Gosto de passear pelas minhas bandas, porque apesar de conhecer bem a região, acabo por me surpreender com coisas novas, nunca observadas ou não sentidas. Não foi o caso de hoje. Não é que não me tenha apercebido de belezas naturais que nunca vi ou de alguns monumentos mais ou menos discretos que mereciam atenção, mas é preciso abrir os olhos de espírito. Hoje, as portas emperraram e os olhos fecharam. Ainda fiz alguns esforços. Relembrei personalidades e histórias ocorridas naqueles espaços. Senti que poderia criar algo novo, simples e suficientemente belo para recordar. Nem sempre consigo. Fico com pena de ter perdido o suave e colorido veludo produzido pelo sol no silêncio abandonado de uma natureza delicada e amorosa que se entristeceu um pouco por não lhe ter dado mais atenção e rezado a sua oração. Perdi muitas oportunidades, mas mesmo assim, num breve piscar de olhos, ao passar por uma povoação sem gente, triste e abandonada, vi dois arbustos que abraçavam as colunas do terraço de uma habitação. Abraços de ternura próprios da natureza. Simples, delicados e sem ambição.
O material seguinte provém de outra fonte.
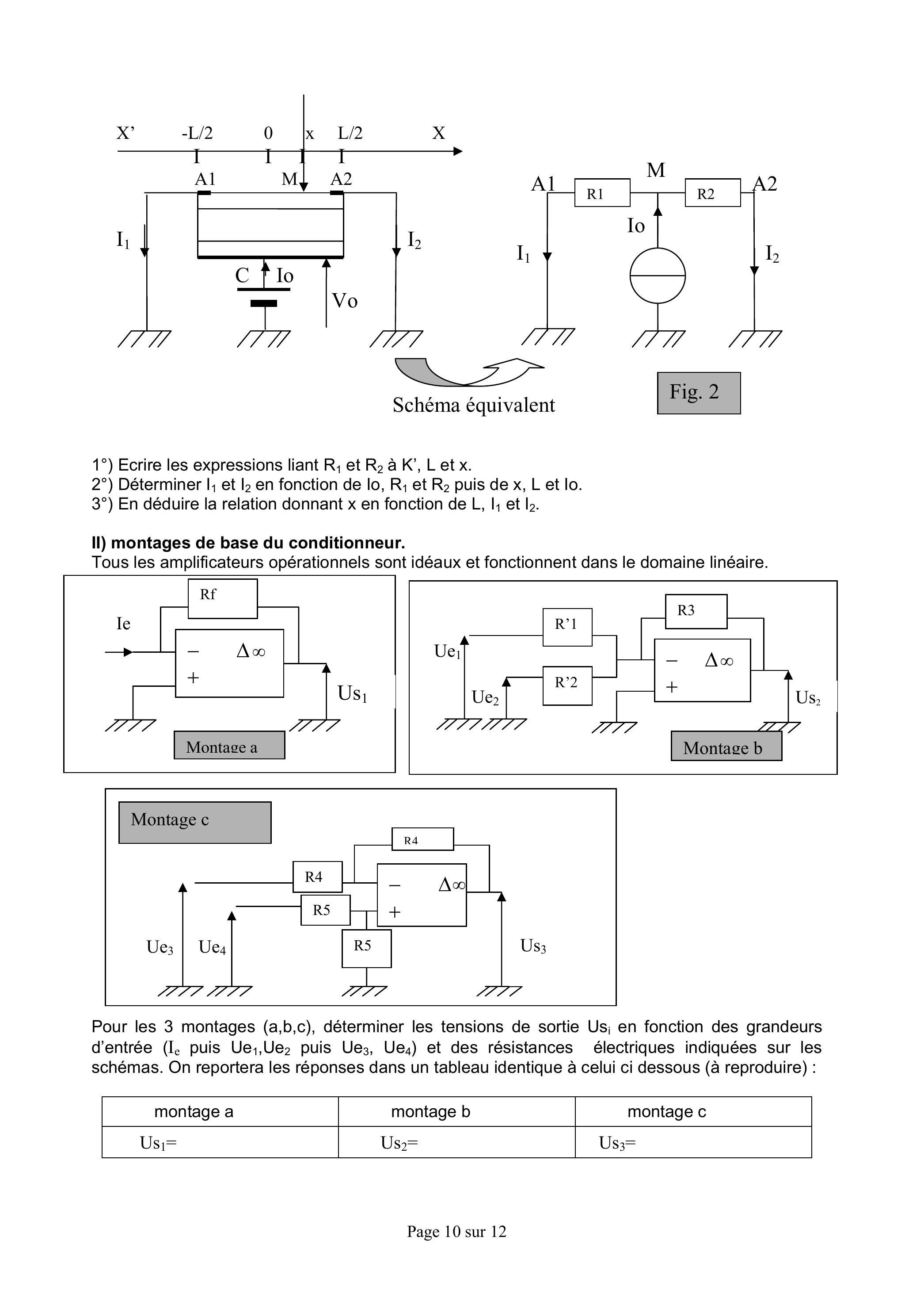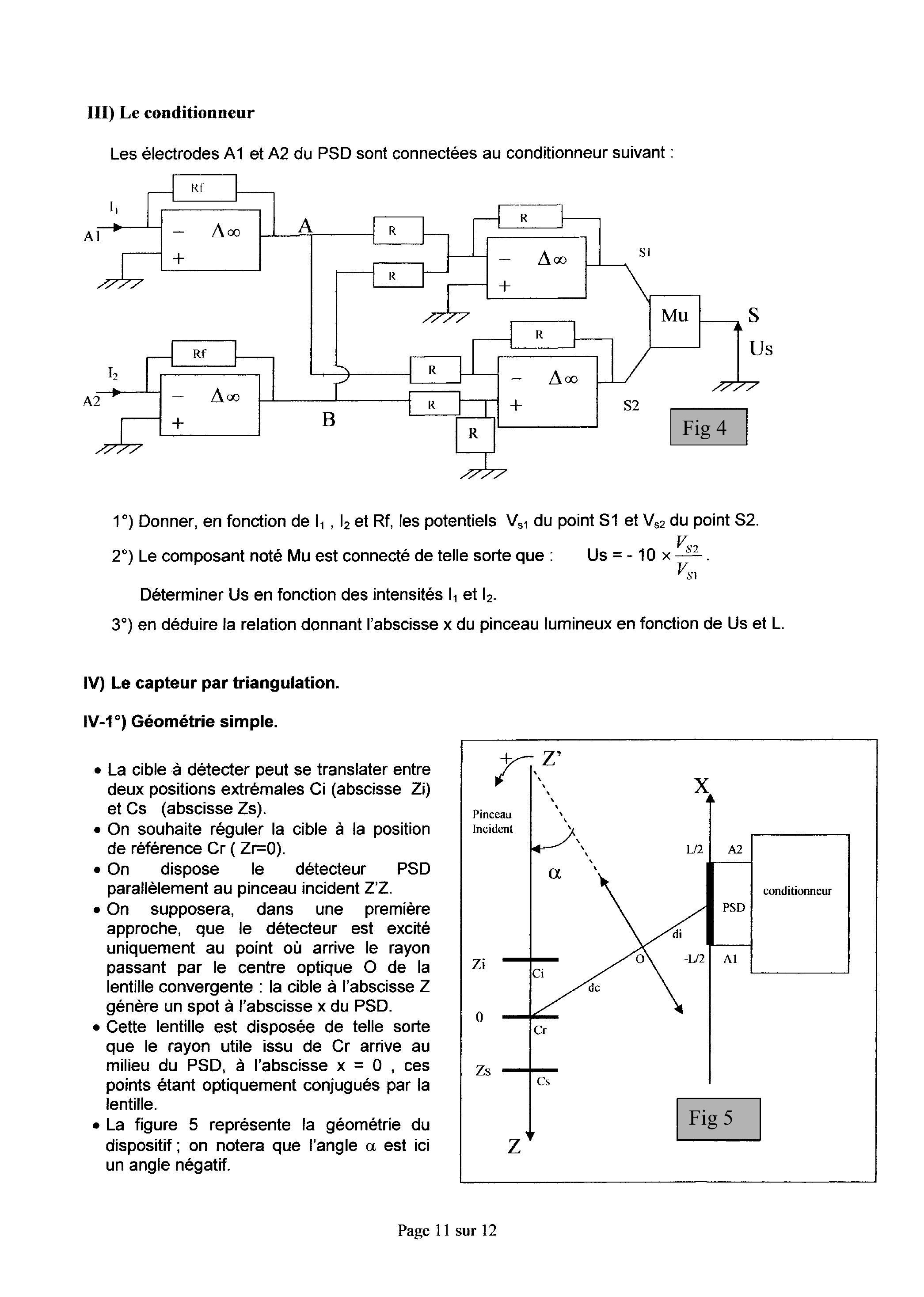 Les électrodes A1 et A2 du PSD sont connectées au conditionneur suivant : ) Donner, en fonction de et , les potentiels du point et du point . ) Le composant noté Mu est connecté de telle sorte que: Us .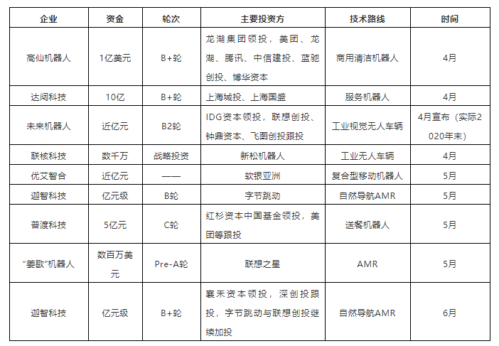 除工業(yè)應(yīng)用移動機(jī)器人外,二季度獲得融資的還有聚焦于清潔機(jī)器人應(yīng)用的高仙、云端服務(wù)機(jī)器人企業(yè)達(dá)闥科技以及送餐機(jī)器人企業(yè)普渡科技,疫情原因,商用移動機(jī)器人落地速度加快,經(jīng)過前期的落地應(yīng)用,部分技術(shù)成熟的企業(yè)脫穎而出,也得到了資本方的認(rèn)可。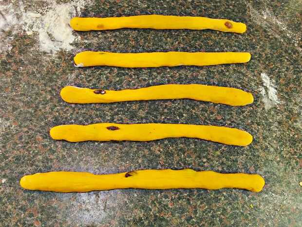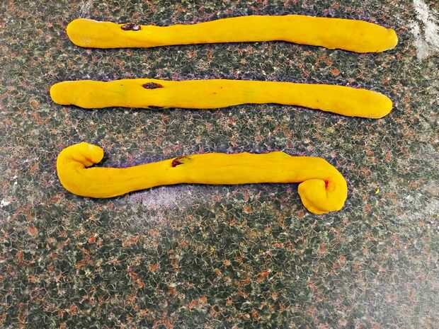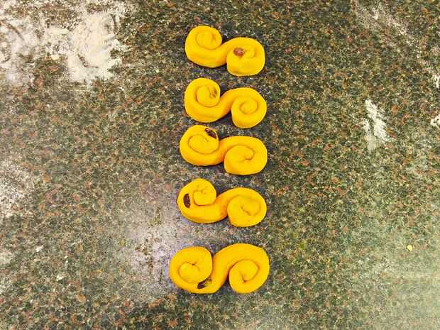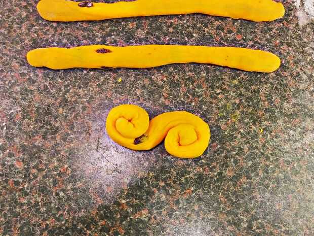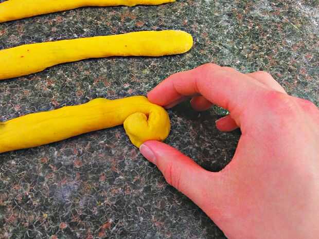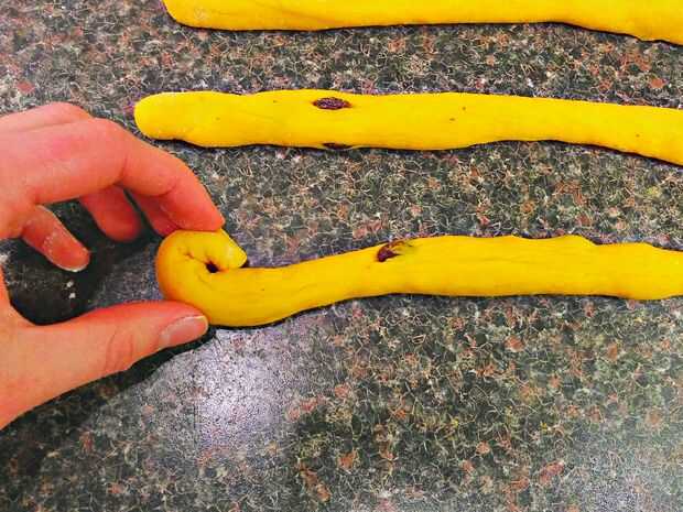 Otro método es hacer un tipo de pretzel. Empezar por rodar hacia fuera un pedazo de la masa en una larga serpiente. En un extremo, girar la torcedura en una derecha de caracol. Otro extremo, girar la torcedura en una izquierda de caracol. Continuar hasta que se encuentran en el medio.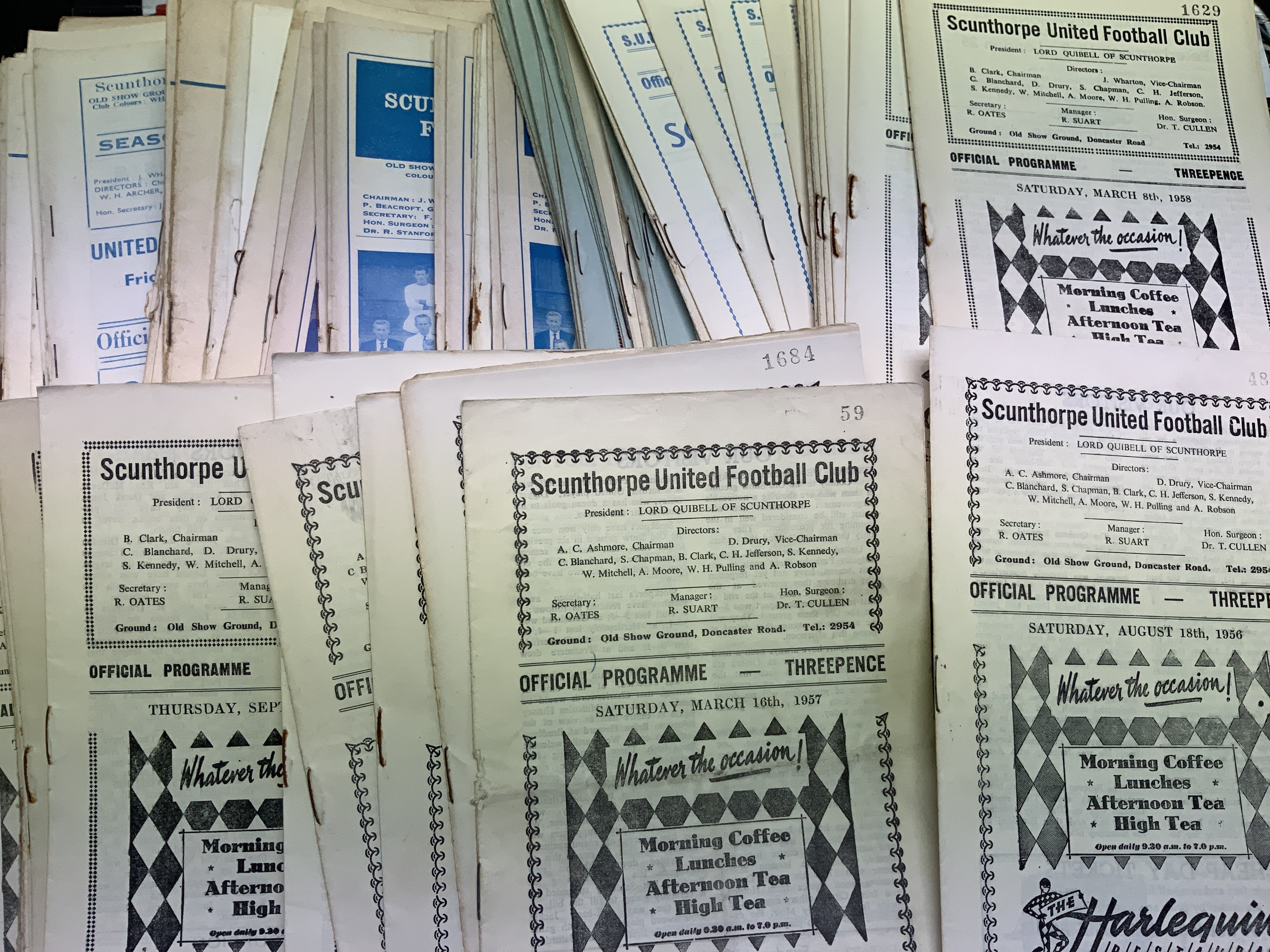 Scunthorpe United Home Football Programmes: 54/55 + 55/56 x 3, 56/57 x 2, 57/58 x 16, 58/59 x 24, 59/60 x 6. Over 60 from the 60s in very good with duplication. (est 110)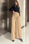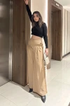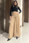 Kadın bej Fermuar Kapamalı, Cepli, Pileli Bol Paça Etek Pantolon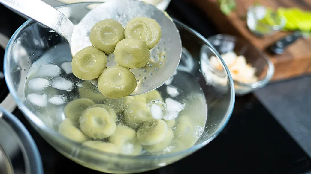 Cook the dumplings in plenty of boiling water for 5–7 minutes (see tip).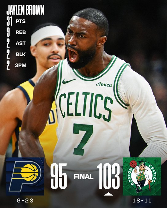 Jaylen Brown firmó 31 puntos y se adueñó del último cuarto con 14 para una remontada desde -20. Derrick White añadió 19 y Boston ganó su tercer partido al hilo pese a una noche errática desde el triple. Indiana desperdició una gran primera mitad (60% en triples) y erró 19 de 20 tiros largos tras el descanso; Pascal Siakam anotó 25.
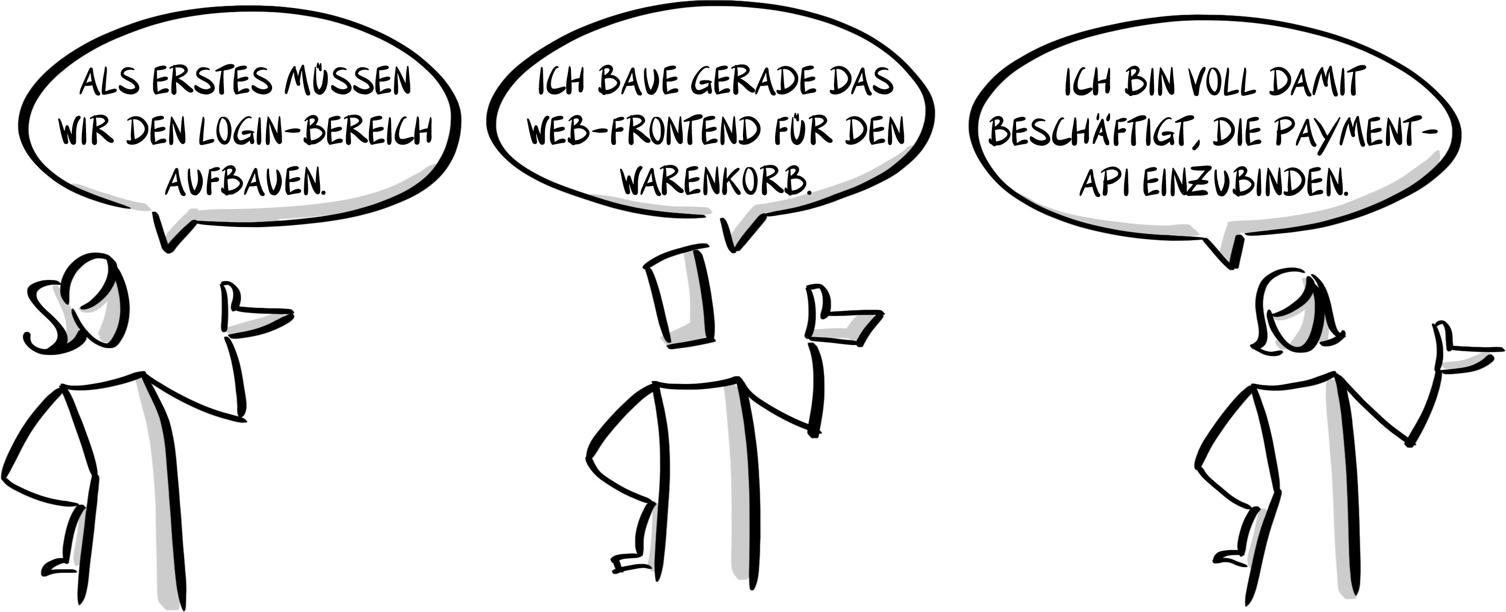 Bei vielen Teams wird auch die Themenvielfalt und Komplexität der Umsetzung sehr schnell größer. Das Problem ist aber eigentlich das gleiche:

Um pouco mais à frente, no mais puro silêncio abençoado pelos deuses dos homens, deparei-me com uma velha estrada amputada, em que a ponte, feita de dois arcos quase retangulares, escondia um ribeiro sem lágrimas. Não me foi difícil ver, ouvir e pensar o que por ali terá ocorrido em tempos.
Deixei o silêncio em paz.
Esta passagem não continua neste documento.